И пусть некоторые согласные с этими мыслями сидели в зале, никто не осмелился подать голос. Слышен был только нервный шёпот Лини, которой успокаивал порывавшегося встать Ризли.
— Она ведь противница революции! Не раз её «карты» порочили бесславное будущее нашего общего дела! Да, граждане, она готова говорить об этом с каждым, кто слушает! Думаете, её прерывают? Депутат Нёвиллет закрывает на это глаза. А ведь каждый день он выступает перед нами, называя имена «врагов революции»! Ни разу имени вдовы не звучало с трибуны! — Вашер вскинул голову, отрываясь от листков с речью. — Вы прикрываетесь народом, но служите лишь раздвинутым ногам лжепроро...
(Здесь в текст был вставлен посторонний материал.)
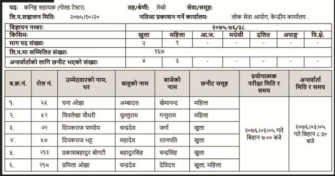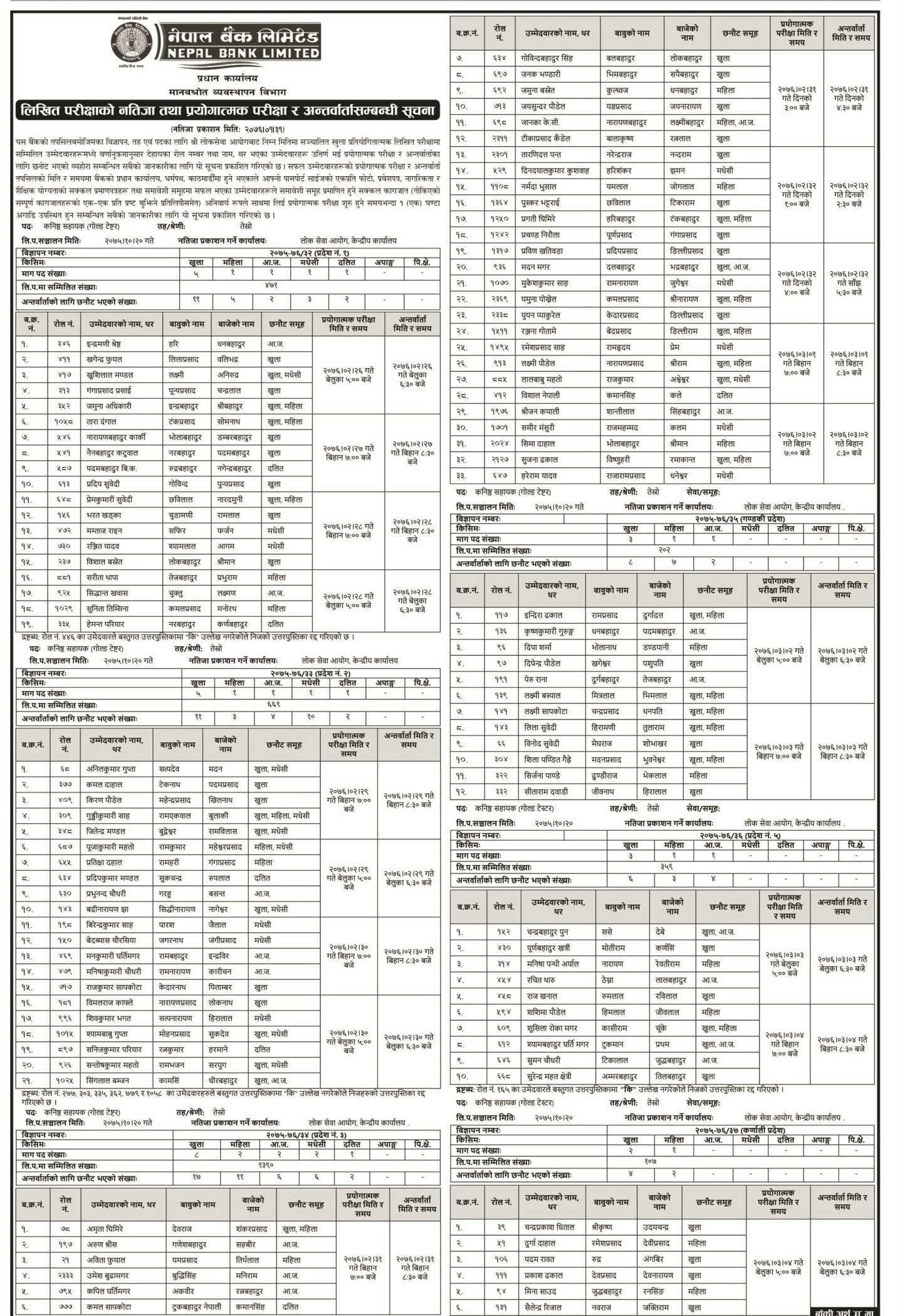 नारीकोसिस डटकम जेठ ३, काठमाडौं । नेपाल बैंक लिमिटेडले विभिन्न पदका लागि खुलाएको विज्ञापनअनुसार लिखित परीक्षामा सहभागि उम्मेदवारको नतिजा सार्वजनिक भएको छ ।

Звонкая пощёчина. Депутаты повскакивали с мест, Конвент взорвался. Посеревший от высказанного Нёвиллет был отодвинут в сторону людьми. Эти несколько человек удерживали Ризли, стоявшего напротив Вашера. Жирондист и без того был до смерти напуган: обвинять одного из первых людей революции для незакалённого в дебатах рассудка было чересчур. Пылающую щёку он и не замечал вовсе.
— Нападая на Нёвиллета они пытаются уязвить меня! — Ризли с достоинством вырвал полы своего сюртука из рук добродетельных депутатов. — А задевая женщину...
С невидящими глазами Вашер бросился собирать разложенные листки своего детища. Скатываясь с трибуны по ступенькам, он спешил унести остатки своей чести куда-нибудь, где их никто бы не обругал.
Нёвиллет поправил галстук и невозмутимо поднялся на помост. Взволнованные депутаты не хотели слушать долгие речи, Ризли замер, вскидывая голову на соратника.
— Я прошу Конвент дать мне время подготовить свою защиту. Я предстану перед вами снова и дам ответ на обвинения. Не только о себе, но и о добродетели, имя которой хотели здесь опорочить. Я сделаю это открыто и без уклончивости, ведь боюсь лишь одного. Что революция может погибнуть от подобной клеветы.
***
сентябрь, 1793
Они ждали. Ждали увидеть на его лице смятение, признаки внутренних метаний. Может быть, сожаления или терзания? Жадные, ненасытные глаза жирондистов цеплялись за Нёвиллета сегодня. Но изменчивый Париж давно научил его держаться на плаву в реке клеветы.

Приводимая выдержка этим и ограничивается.